Please return the data that follows precisely as written, but without the images.

════════════════

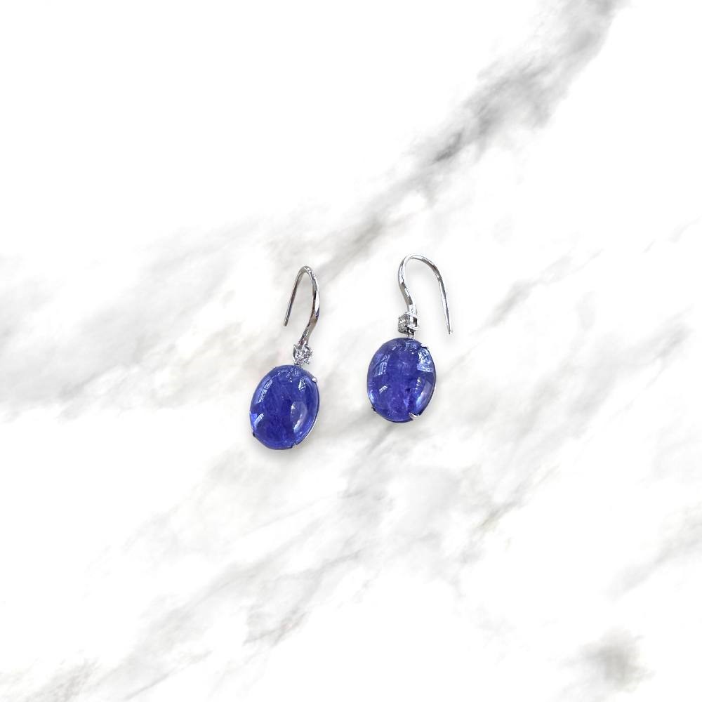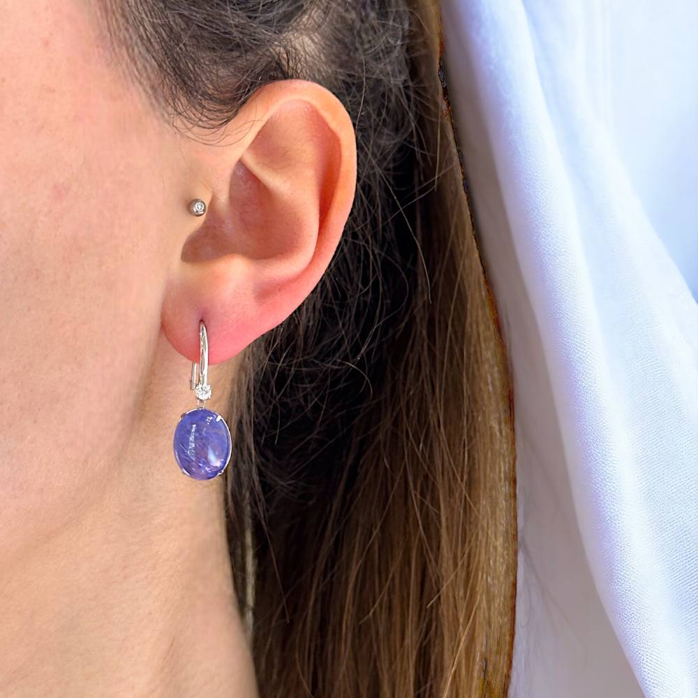 Orecchini pendenti realizzati in Italia in oro bianco 18kt con tanzanite naturale ovale e diamanti naturali taglio brillante
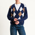 Tensione in-Cardigan rombi misto cashmere - blu/cuoio/latte
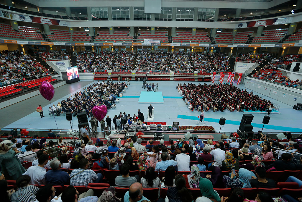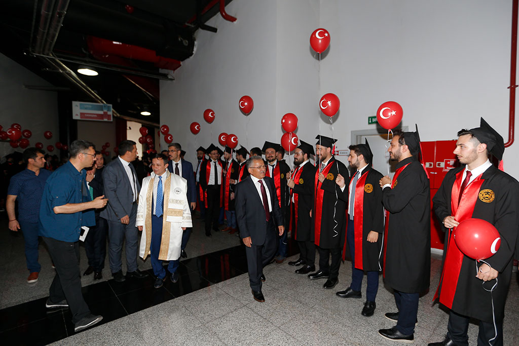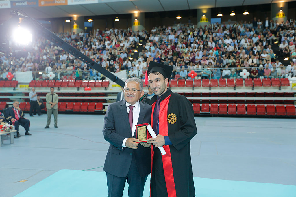 Kayseri Büyükşehir Belediye Başkanı Dr. Memduh Büyükkılıç, Erciyes Üniversitesi Tıp Fakültesi’nin mezuniyet töreninde tıp doktoru, şehir doktoru ve gönül doktoru unvanlarıyla anılmaktan duyduğumu memnuniyeti ifade etti. Genç meslektaşlarına seslenen Başkan Büyükkılıç, aidiyet vurgusu yaptı. Büyükşehir Belediye Başkanı Dr. Memduh Büyükkılıç, Vali Şehmus Günaydın ve Sağlık Bakan Yardımcısı Emine Alp Meşe ile birlikte Erciyes Üniversitesi Tıp Fakültesi’nin 45. Dönem mezuniyet törenine iştirak etti. Sözlerinin başında “Tıp doktoru, şehir doktoru ve gönül doktoru” unvanlarıyla anılmaktan duyduğu mutluluğu dile getiren Başkan Büyükkılıç, “Sevgili meslektaşlarım” diyerek söze başladı ve genç doktorları tebrik ederek başarılar diledi. Konuşmasında aidiyet vurgusu yapan Başkan Büyükkılıç, “İnşallah şehrimizde kaldığınız sürece aidiyet duygusu oluşturmuşuzdur ve umarım ki Kayseri’mizden memnun ayrılacaksınız. Hayatınız boyunca Ay Yıldızlı Türk Bayrağımıza, vatanımıza, milletimize, devletimize, şehrimize ve insanımıza sahip çıkacaksınız. Bu duygularla hayatınız boyunca başarılı olmanızı diliyorum” dedi. Konuşmaların ardından dereceye girenlere ve mezunlara diplomaları verildi.
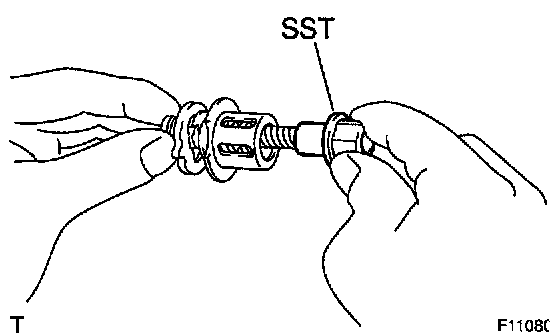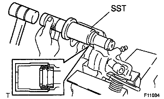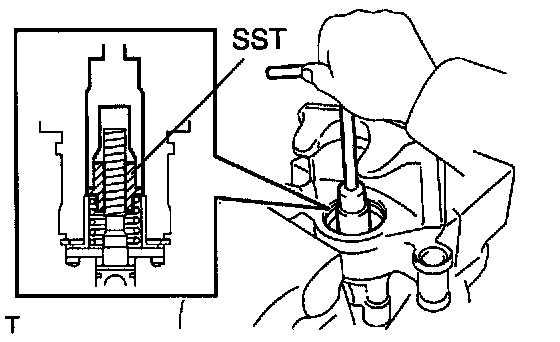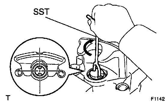 ^ To insure safety, always use SST as there is a possibility of the spring flying out, causing injury or damaging to the interior surface of the cylinder.
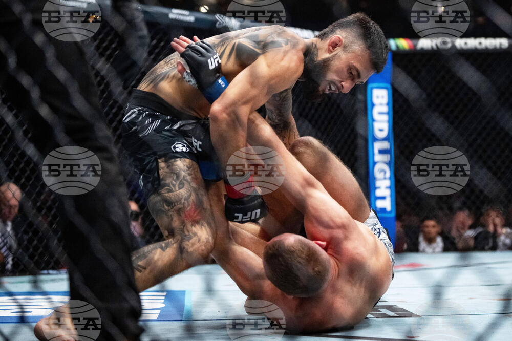 Kyle Nelson, top, of Canada, and Matt Frevola, right, fight during a lightweight mixed martial arts bout at a UFC Fight Night in Vancouver, British Columbia, Saturday, Oct. 18, 2025. (Ethan Cairns/The Canadian Press via AP)
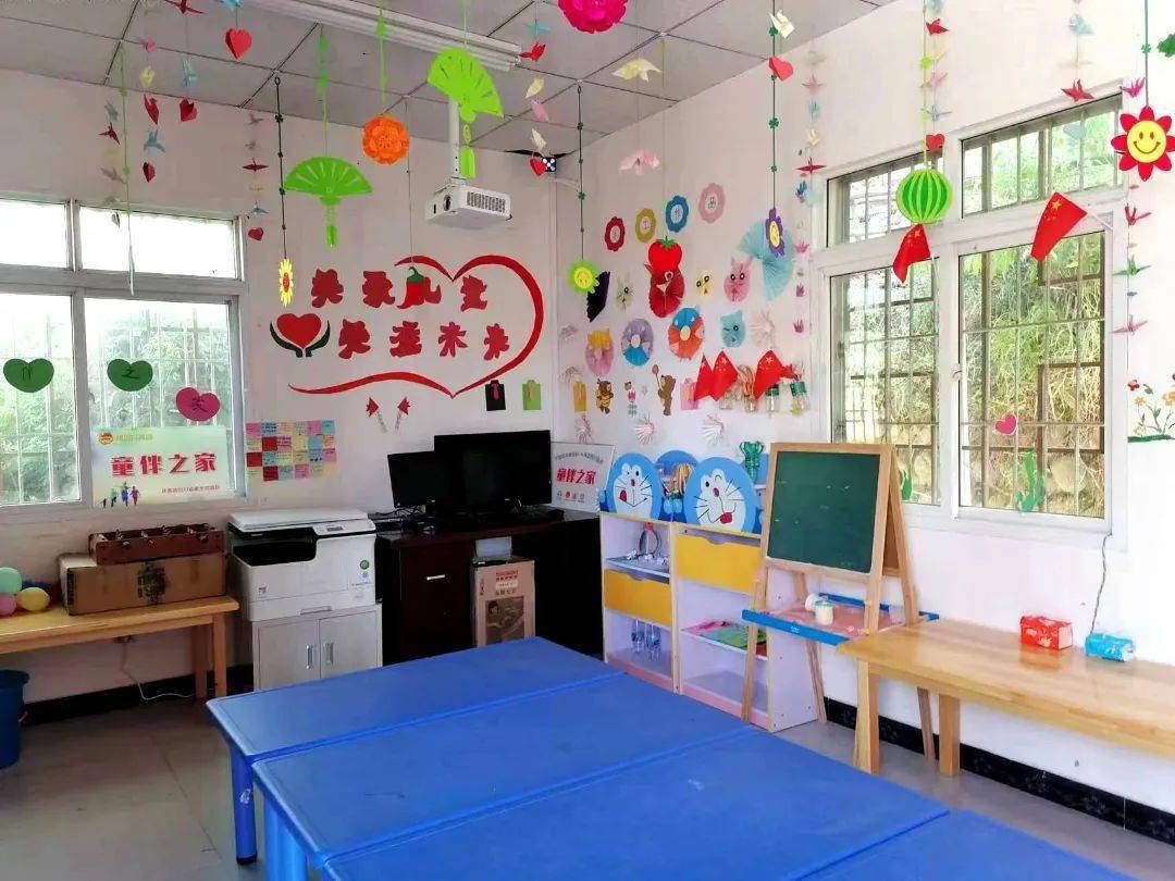 张蓉把童伴之家建得温馨。屋子的墙上“童伴之家欢迎你”等话语迎接你的到来;专栏内各种活动照片整齐排列,还有每个孩子的特色纸名片;横着竖着系的绳子上,吊挂着各种颜色的彩纸带,以及季节性树枝花草;书架上放满了各种儿童读物,以及孩子们的手工作品。这样舒适的环境,加上丰富多彩的活动,哪个留守儿童不留恋,哪个不愿意来童伴之家呢!

════════════════

● **ANSWER FOR THIS EXERCISE**
 Orecchini pendenti realizzati in Italia in oro bianco 18kt con tanzanite naturale ovale e diamanti naturali taglio brillante
 Tensione in-Cardigan rombi misto cashmere - blu/cuoio/latte
 Kayseri Büyükşehir Belediye Başkanı Dr. Memduh Büyükkılıç, Erciyes Üniversitesi Tıp Fakültesi’nin mezuniyet töreninde tıp doktoru, şehir doktoru ve gönül doktoru unvanlarıyla anılmaktan duyduğumu memnuniyeti ifade etti. Genç meslektaşlarına seslenen Başkan Büyükkılıç, aidiyet vurgusu yaptı. Büyükşehir Belediye Başkanı Dr. Memduh Büyükkılıç, Vali Şehmus Günaydın ve Sağlık Bakan Yardımcısı Emine Alp Meşe ile birlikte Erciyes Üniversitesi Tıp Fakültesi’nin 45. Dönem mezuniyet törenine iştirak etti. Sözlerinin başında “Tıp doktoru, şehir doktoru ve gönül doktoru” unvanlarıyla anılmaktan duyduğu mutluluğu dile getiren Başkan Büyükkılıç, “Sevgili meslektaşlarım” diyerek söze başladı ve genç doktorları tebrik ederek başarılar diledi. Konuşmasında aidiyet vurgusu yapan Başkan Büyükkılıç, “İnşallah şehrimizde kaldığınız sürece aidiyet duygusu oluşturmuşuzdur ve umarım ki Kayseri’mizden memnun ayrılacaksınız. Hayatınız boyunca Ay Yıldızlı Türk Bayrağımıza, vatanımıza, milletimize, devletimize, şehrimize ve insanımıza sahip çıkacaksınız. Bu duygularla hayatınız boyunca başarılı olmanızı diliyorum” dedi. Konuşmaların ardından dereceye girenlere ve mezunlara diplomaları verildi.
 ^ To insure safety, always use SST as there is a possibility of the spring flying out, causing injury or damaging to the interior surface of the cylinder.
 Kyle Nelson, top, of Canada, and Matt Frevola, right, fight during a lightweight mixed martial arts bout at a UFC Fight Night in Vancouver, British Columbia, Saturday, Oct. 18, 2025. (Ethan Cairns/The Canadian Press via AP)
 张蓉把童伴之家建得温馨。屋子的墙上“童伴之家欢迎你”等话语迎接你的到来;专栏内各种活动照片整齐排列,还有每个孩子的特色纸名片;横着竖着系的绳子上,吊挂着各种颜色的彩纸带,以及季节性树枝花草;书架上放满了各种儿童读物,以及孩子们的手工作品。这样舒适的环境,加上丰富多彩的活动,哪个留守儿童不留恋,哪个不愿意来童伴之家呢!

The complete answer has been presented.